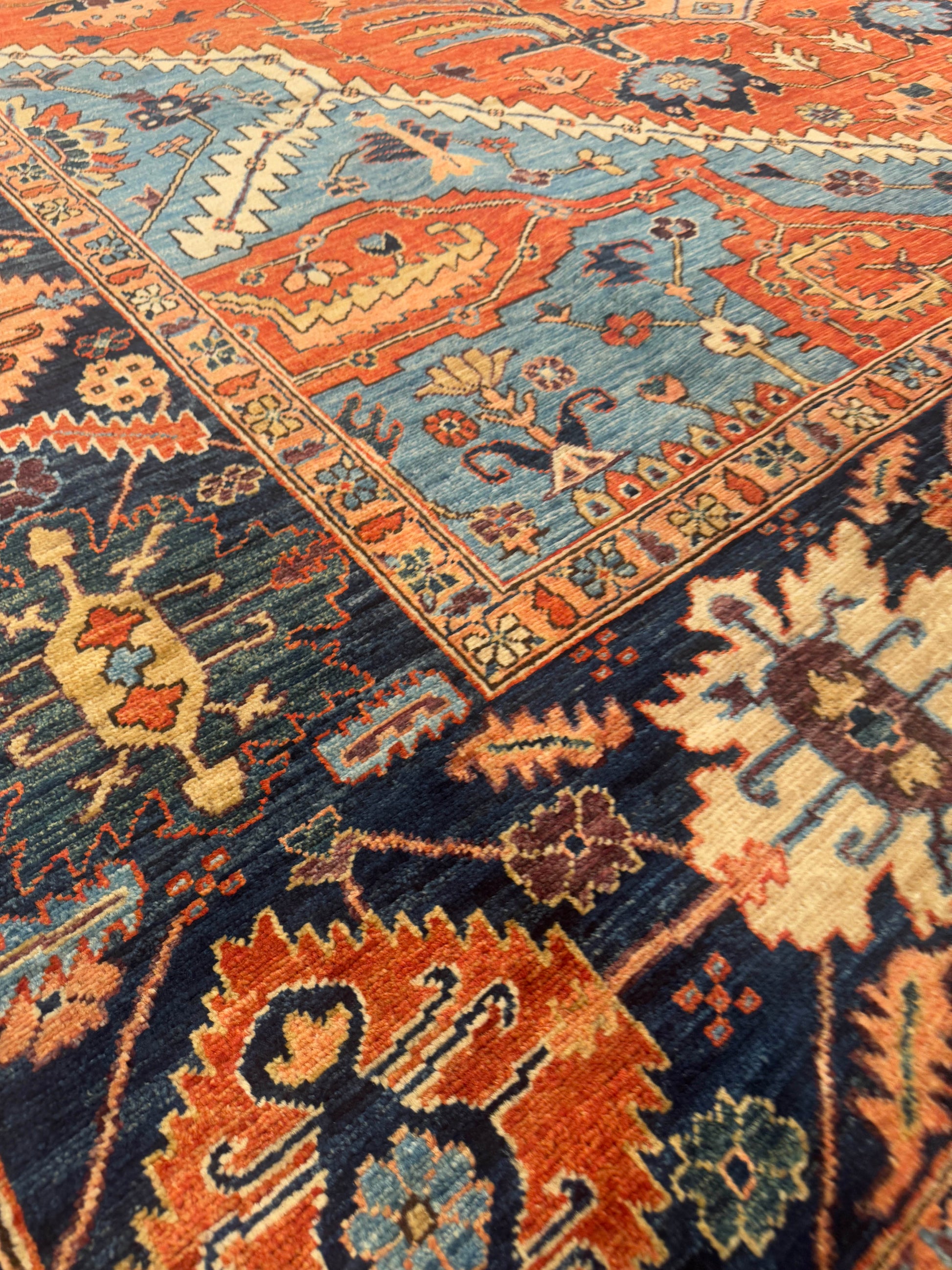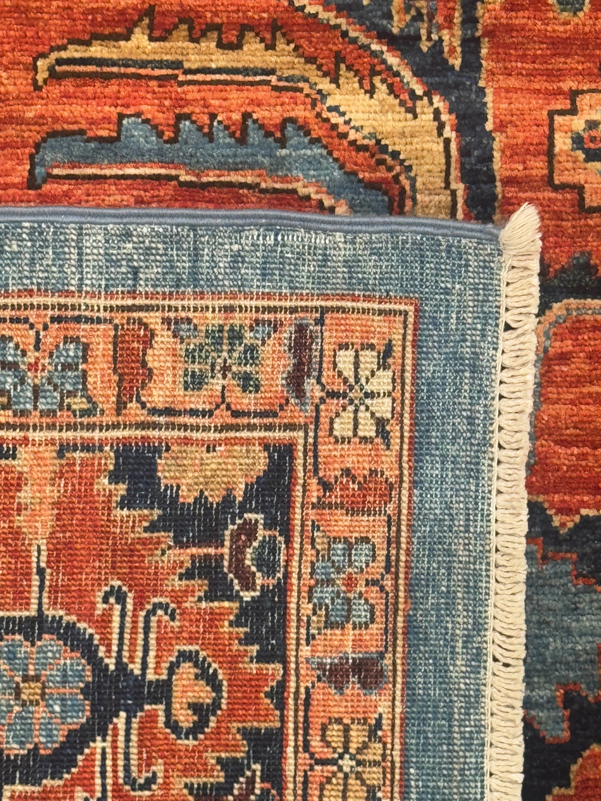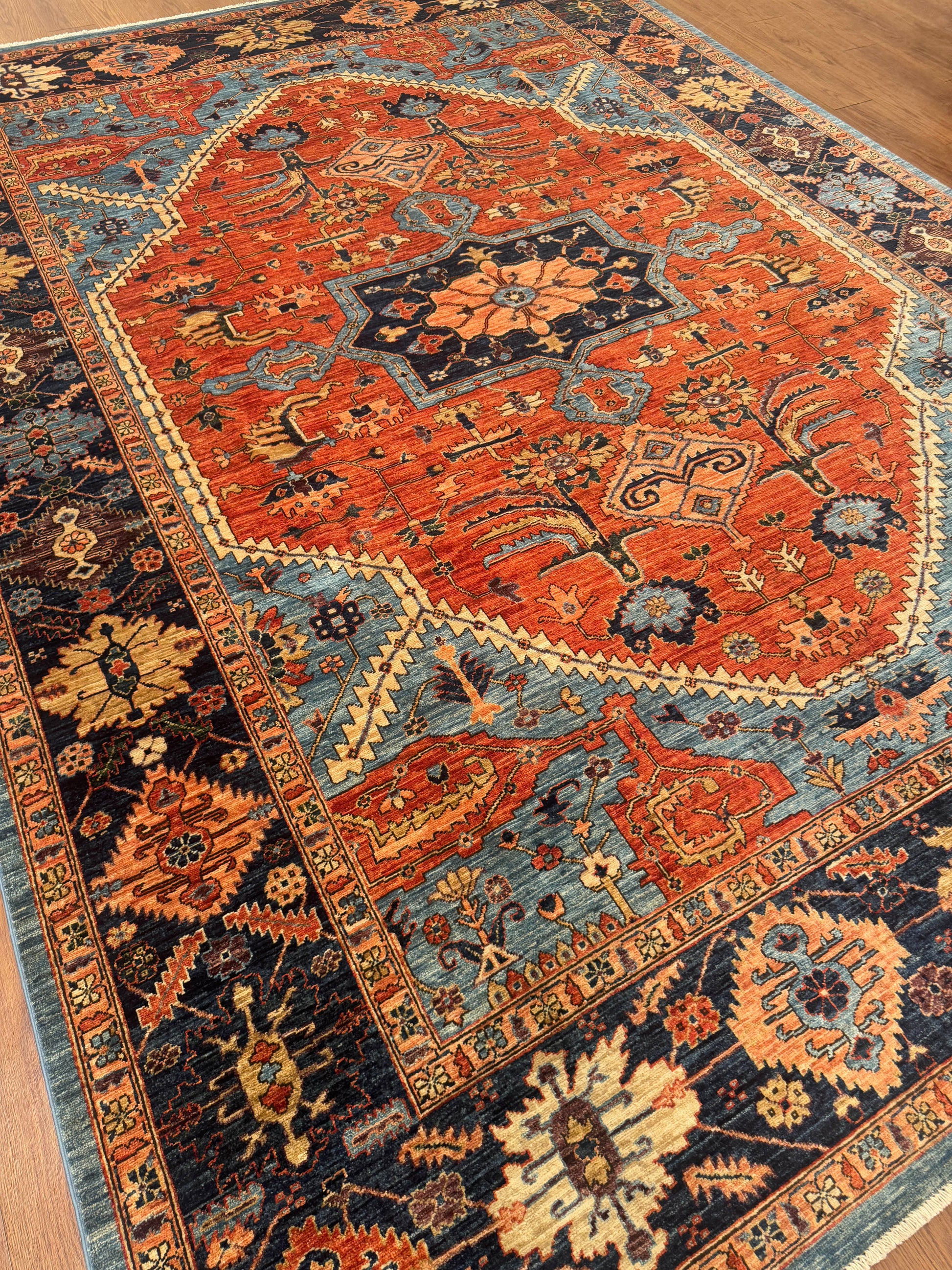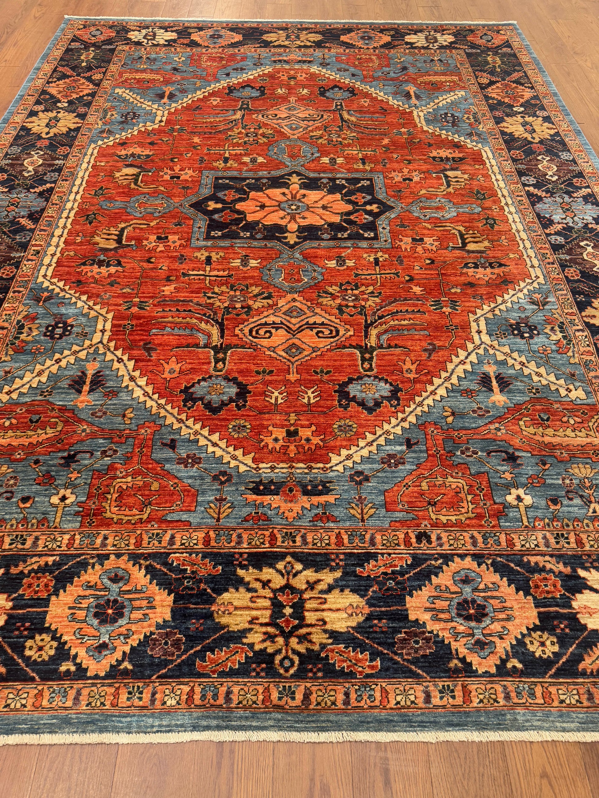 This handmade rug features a commanding central medallion surrounded by stylized floral motifs and bold geometric accents. The vibrant terracotta field is beautifully balanced by soft blue corners and a deep navy border, creating a rich interplay of color and contrast. Its intricate design and earthy tones make it a stunning centerpiece for both traditional and transitional interiors.
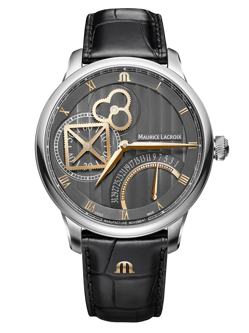 На протяжении всей истории существования Maurice Lacroix ретроградная индикация была одной из фирменных характеристик бренда. Перемещение стрелки вдоль дугообразной траектории представляет собой завораживающее зрелище. Не меньше впечатляют и ее скачкообразное возвращение из крайней точки в исходное положение и моментальное возобновление движения.
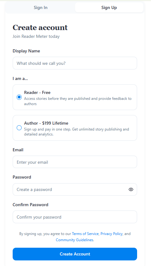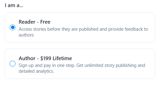 - Decide if you want to start as a reader (free) or as an author ($199 upgrade).
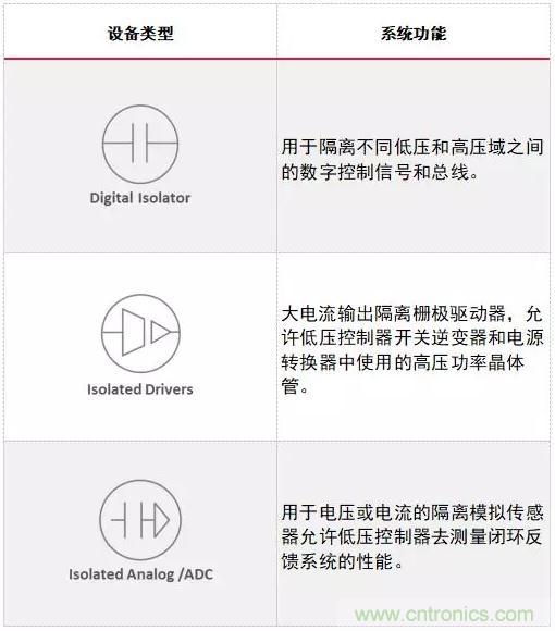 表1中所示的隔离元器件经常用于EV系统中的通信和控制。
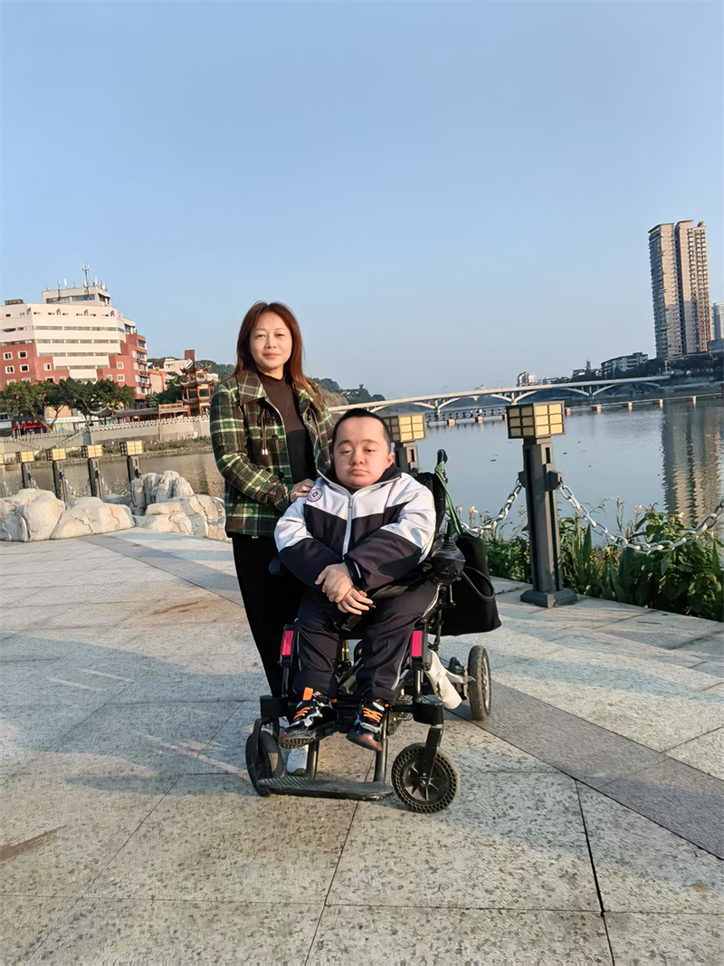 李晓容是乐山市五通桥区冠英镇玉津街社区居民。19年前,初为人母的她接到了一个沉重的诊断结果——儿子罗烨祥患有成骨不全症,也就是俗称的“瓷娃娃”。这种疾病发病率仅十万分之三,意味着孩子终生要承受轻微磕碰就可能骨折的风险,甚至大概率无法站立行走。
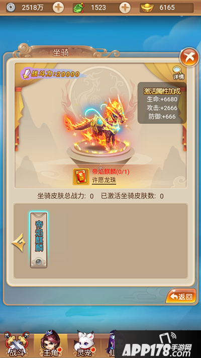 此外,坐骑还可以更换皮肤,如果对升阶自动解锁的造型不满意的话,可以去获取自己心仪的坐骑皮肤,除了让造型变得更加酷炫之外,还可以增加战斗力。如图中的帝焰麒麟,便是本小编特别心水的坐骑皮肤,全身火焰包括、龙头马身,十分拉风。
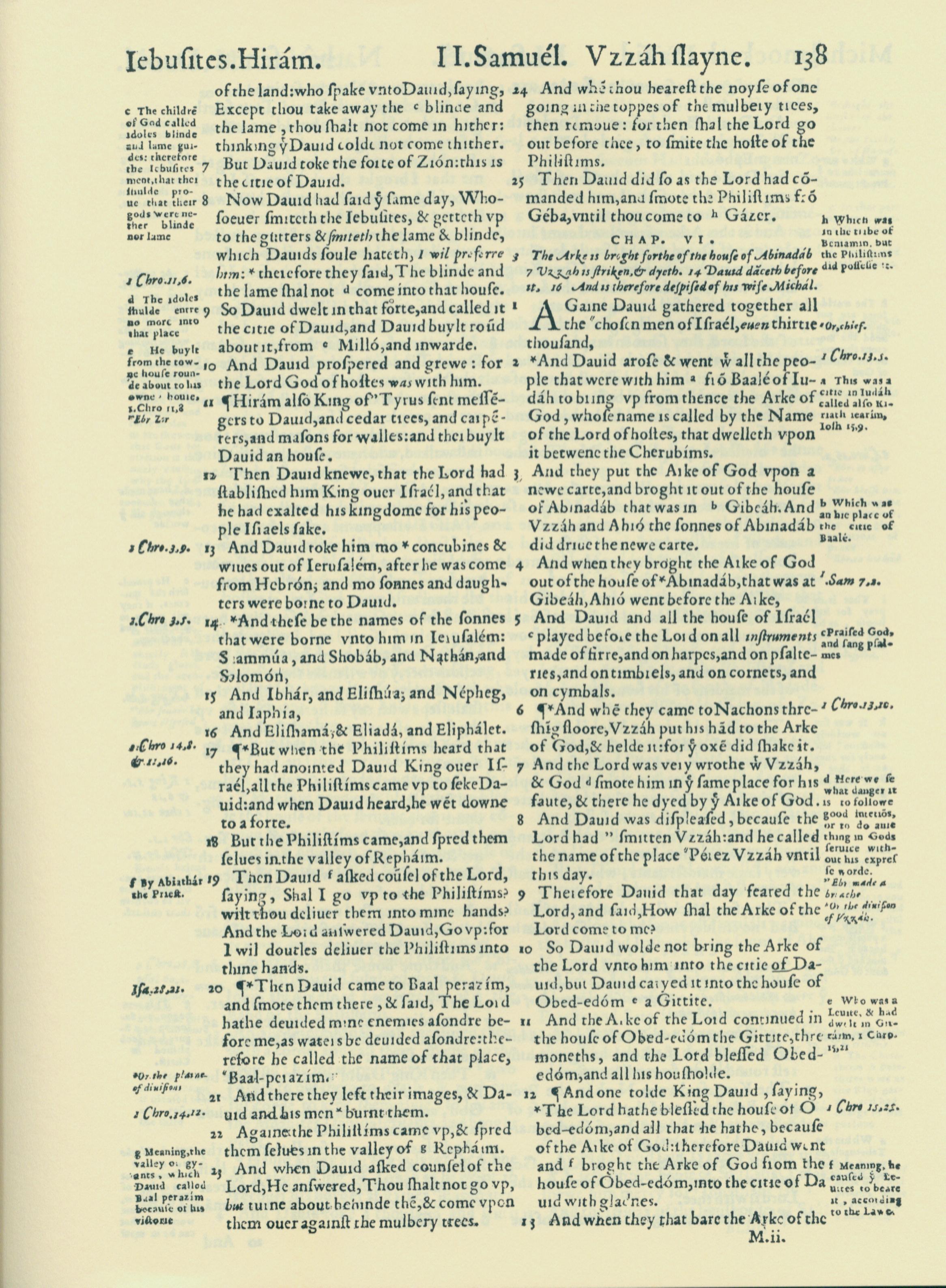 1560年THE BIBLE AND HOLY SCRIPTURES 撒母耳記下 5 章 7 節到 6 章 13 節
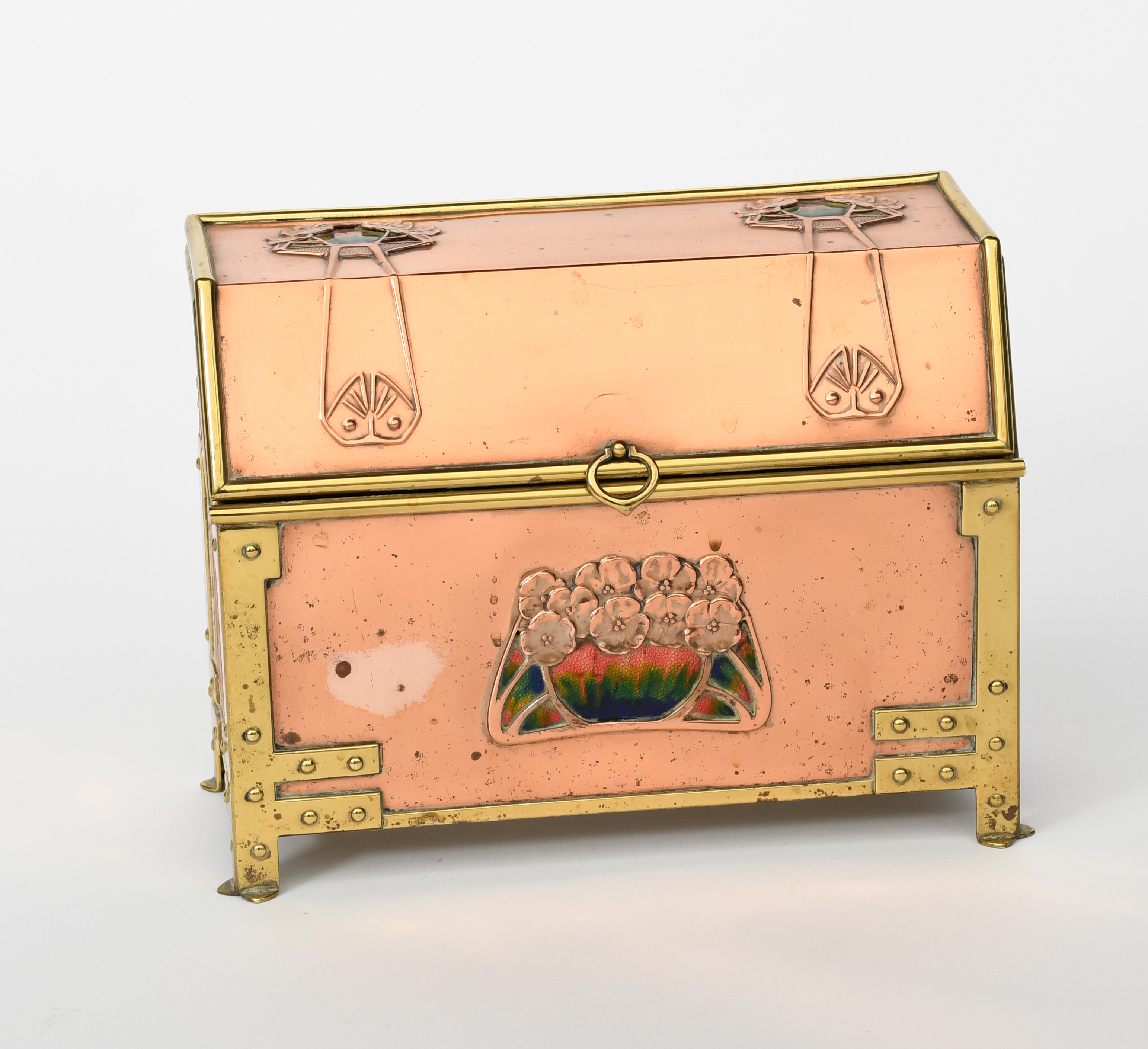A continental copper and brass Secessionist desk post casket, copper chest form with brass rivetted bands, with hinged cover, cast with panels of flowers set with coloured enamel panels, the interior fitted for paper and envelopes, unsigned 21.5cm. wide
________________
• **EXERCISE OBJECTIVE**: Give again, word for word, the line containing "1560年THE BIBLE AND" and every line after it to the end of the records; leave out the pictures.

• **OUTPUT BELOW**:
 1560年THE BIBLE AND HOLY SCRIPTURES 撒母耳記下 5 章 7 節到 6 章 13 節
A continental copper and brass Secessionist desk post casket, copper chest form with brass rivetted bands, with hinged cover, cast with panels of flowers set with coloured enamel panels, the interior fitted for paper and envelopes, unsigned 21.5cm. wide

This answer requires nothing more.